3. An open and obvious condition which is obvious to one exercising ordinary care despite the governmental entity's failure to warn.

. The last condition for absolute immunity requires an "obvious condition" to one "exercising ordinary care." Under this condition, the City of Clinton is not required to warn its residents of the dangerous condition.


. Whether a condition is "obvious" is a question of fact. Huffman v. Walker Jones Equip. Co., 658 So.2d 871, 873 (Miss. 1995); City of Newton, 840 So.2d at 836. A determination of just how "obvious" a condition is turns upon the fact finder's analysis of the evidence presented. Tate v. Southern Jitney Jungle Co., 650 So.2d 1347, 1350 (Miss. 1995) (collecting authorities).


. Under the circumstances, the circuit court, as the fact finder, determined that based on the evidence presented the dangerous condition was not "obvious" and that Smith used "ordinary care." His findings are supported by "substantial credible evidence" and should not be disturbed. City of Newton, 840 So.2d at 836. Despite the majority's attempt to misconstrue Smith's testimony, his testimony does not reveal that he was on "notice" of the dangerous condition on the handicap ramp or that such condition was "obvious." The segment of his testimony cited by the majority only proves that Smith was aware of ice on the steps of the municipal court building and not on the handicap ramp of the municipal court building.

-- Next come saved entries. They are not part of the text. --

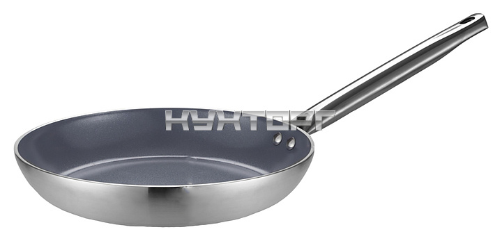 Антипригарная сковорода Pujadas 120.828 используется на предприятиях общественного питания для приготовления широкого спектра блюд. Модель оснащена ручкой и специальным дном, пригодным для индукционных плит. Изделие выполнено из алюминия с антипригарным керамическим покрытием, дно - из нержавеющей стали.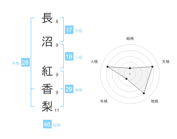 長沼 紅香梨さんを姓名の画数から五運を鑑定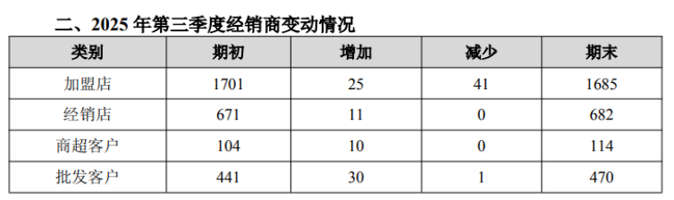 不过从第三季度表现看,零售渠道的承压状态并未得到改善,期内加盟店经销商数量净减少16家,来自加盟店的收入同比下滑3.47%至9419.98万元,期末加盟店数量进一步收缩至1685家。相比之下,第三季度经销店的经销商数量回暖,期内净增加11家,收入表现却呈现疲态,来自经销店的收入同比大幅下滑53.27%至1108.57万元。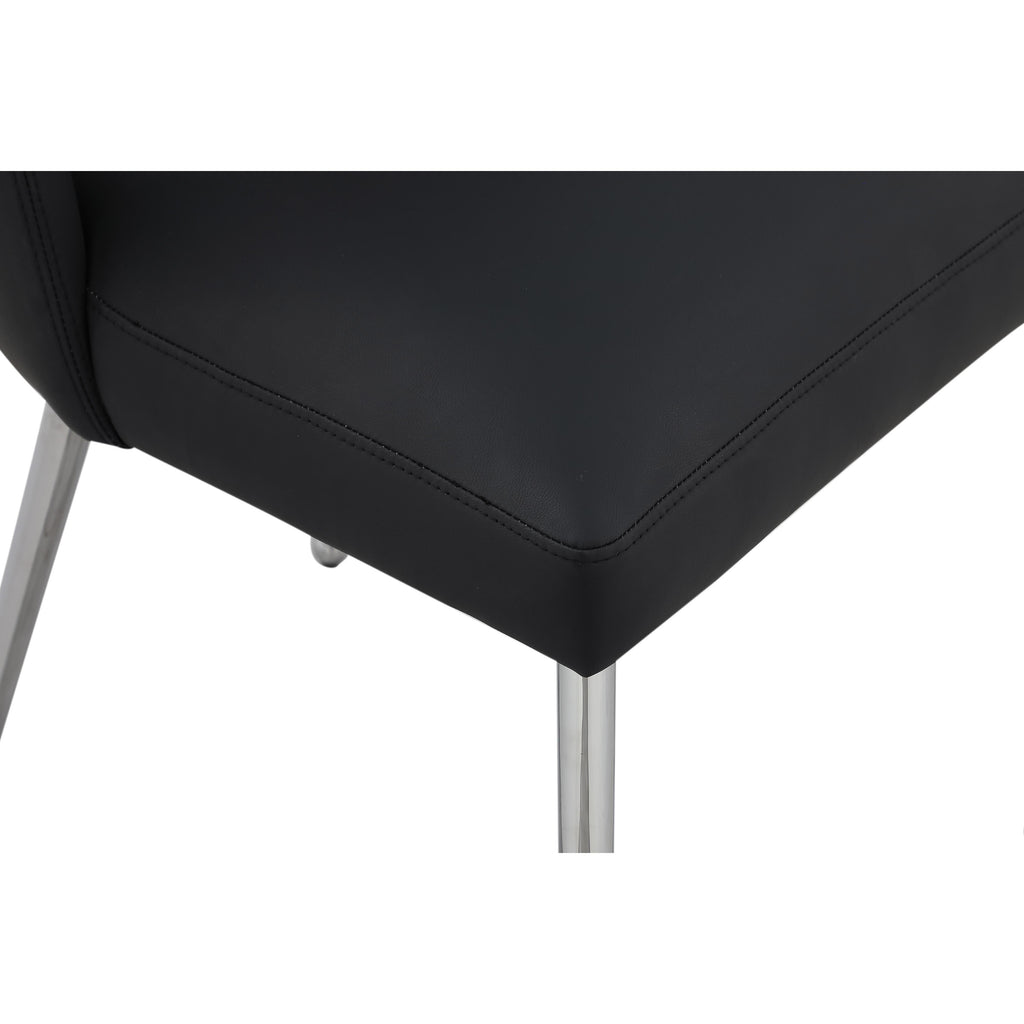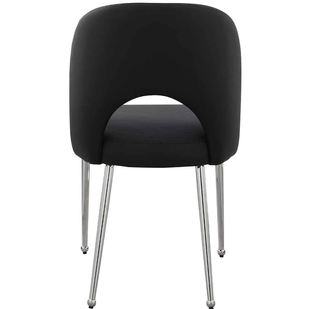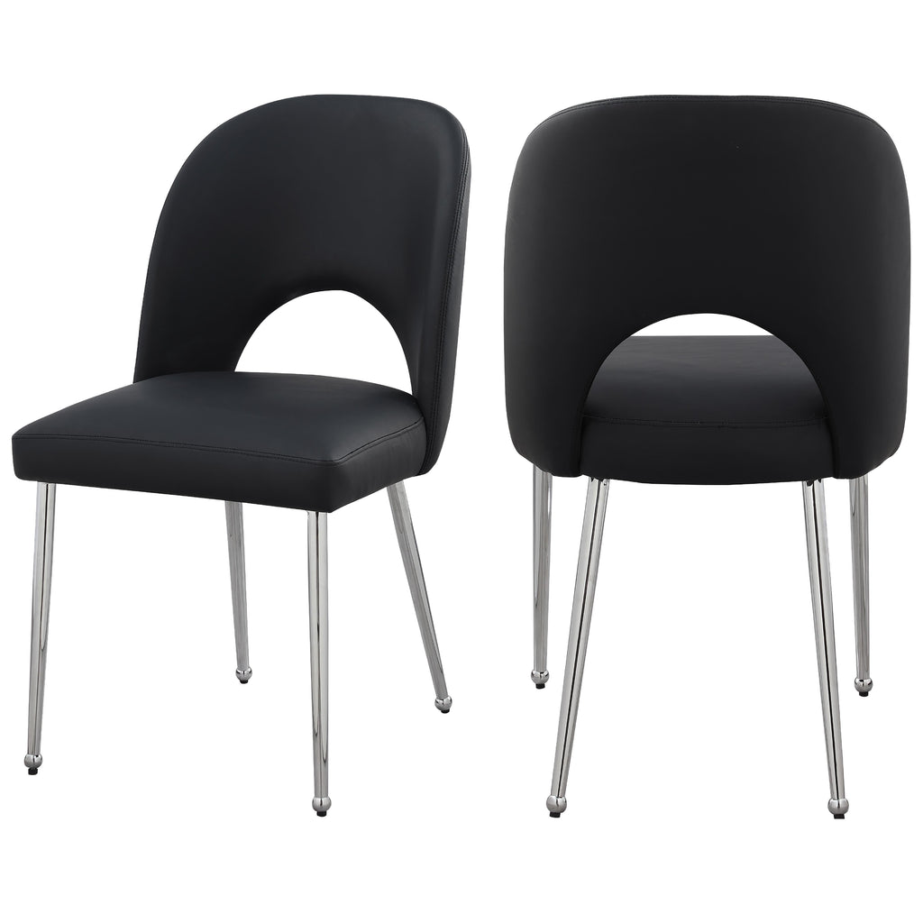 Give your dining area a modern makeover with this Logan black vegan leather dining chair. Featuring soft black vegan leather upholstery, this dining chair is both luxurious and comfortable. Its rich chrome finish complements its black seat and backrest, making it the perfect addition for any contemporary home. Its unique curved, open-back backrest provides ample physical support for your spine, and its plush seat cushion provides a cozy place to sit. This chair is just the right height to sit at any dining table or breakfast bar.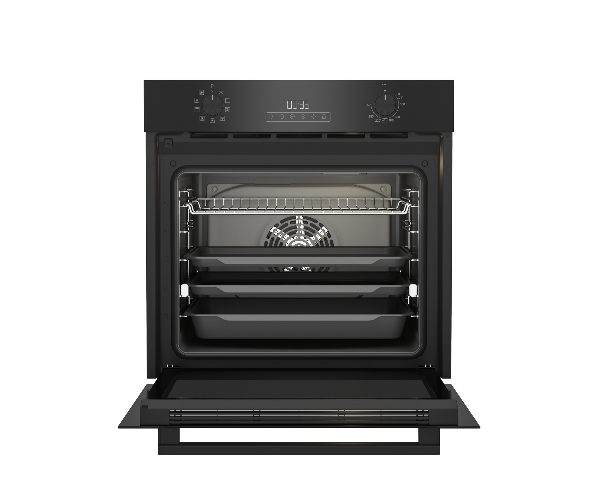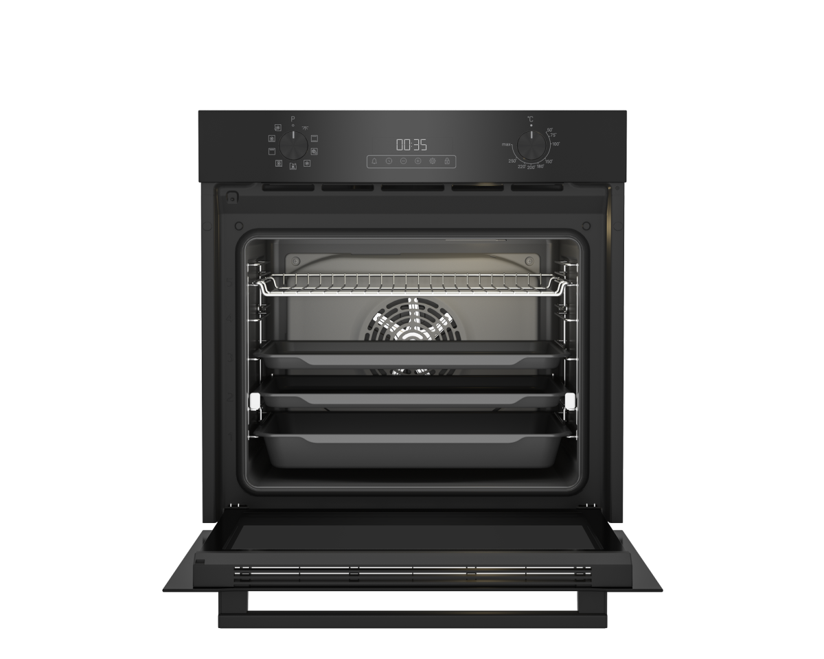 הגדלנו את חללי התנורים שלנו עד 20% יותר, להנאה מרבית מהבישול והאכילה. התנורים של בלומברג מציעים את אחד החללים הגדולים ביותר בשוק כיום בתנורים רגילים ומשולבים – 65 ליטר ועד 75 ליטר, והם מגיעים עם תבניות גדולות יותר בעלות עומק של 5 ס״מ. אפשר בקלות להכניס כמה עופות יחד לתבנית, או לבשל ארוחה שלמה בת שלוש מנות בו זמנית על 3 מתוך 5 המדפים.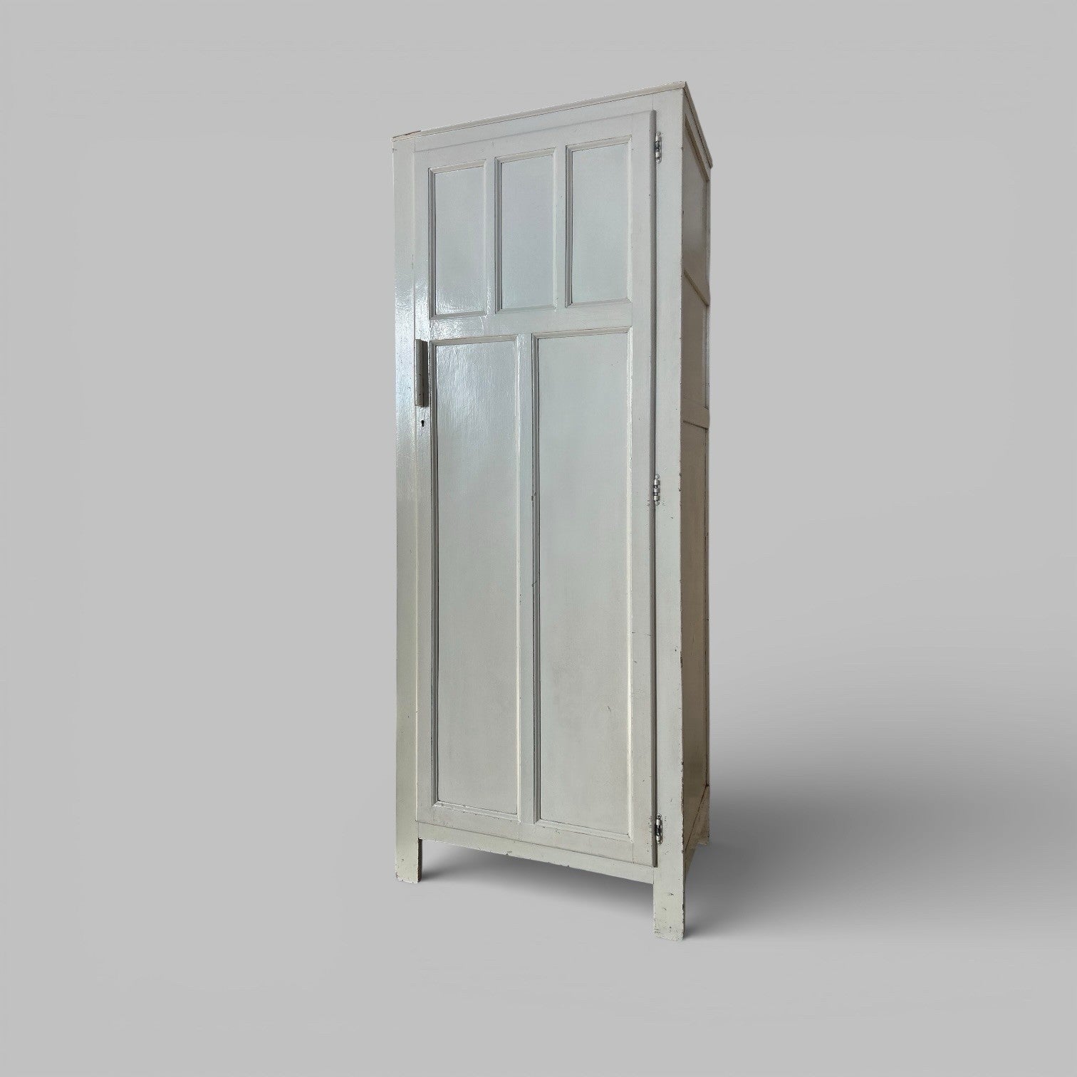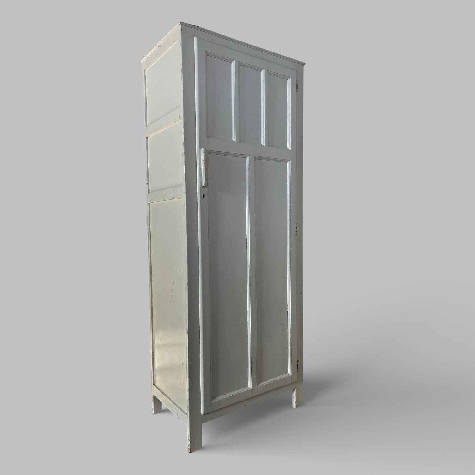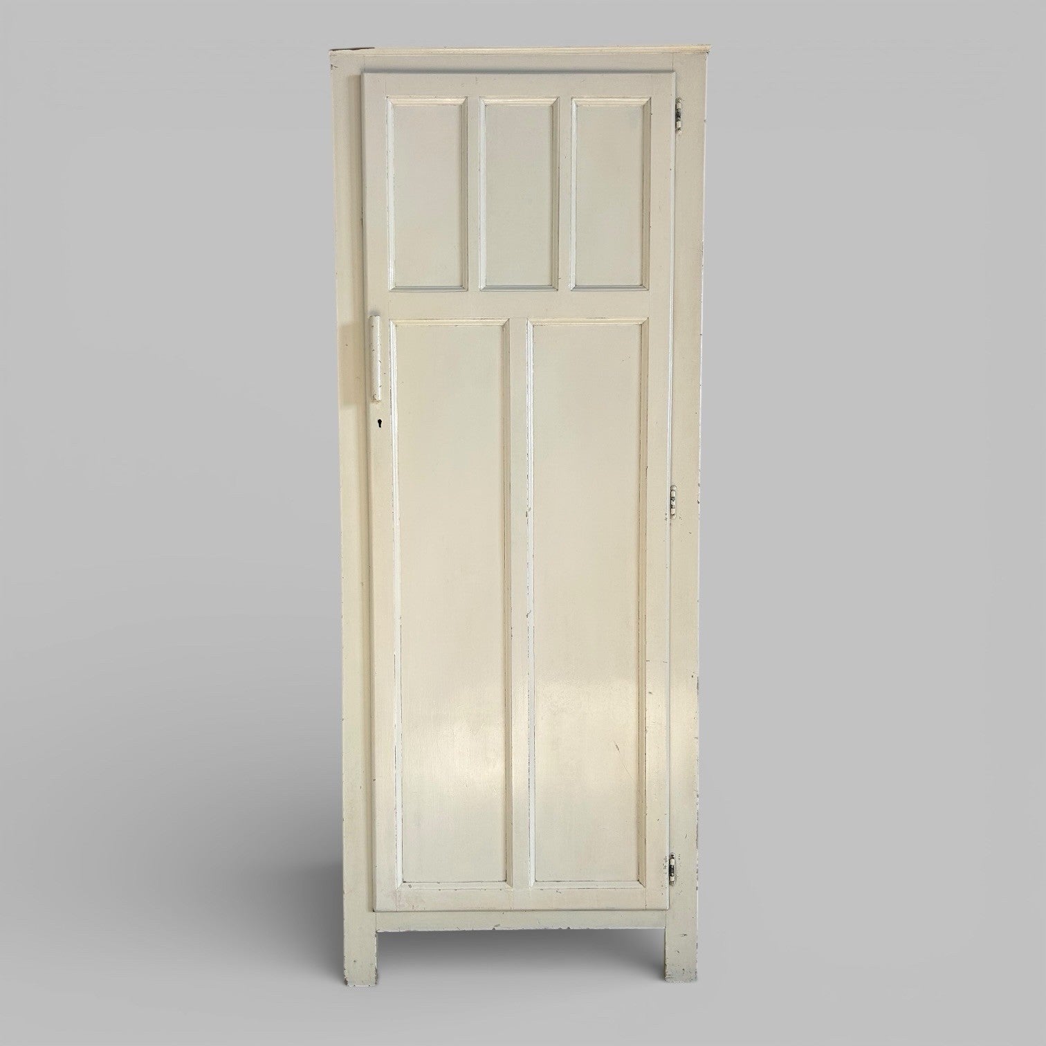 A tall, narrow painted hall cupboard with simple panelled door and clean, practical proportions. Finished in a soft off-white tone with honest age marks and wear, giving it a relaxed, understated look rather than anything overly fussy.

In fact, Smith's testimony reveals that he was using "ordinary care" by choosing to descend by way of the handicap ramp instead of the steps after having noticed the ice on the steps on his way into the building.


. The trial court heard the testimony of the witnesses and evaluated Smith's claim on a first-hand basis. His findings should be given respect and deference. Accordingly, I would affirm the circuit court's judgment. For the above-stated reasons, I dissent.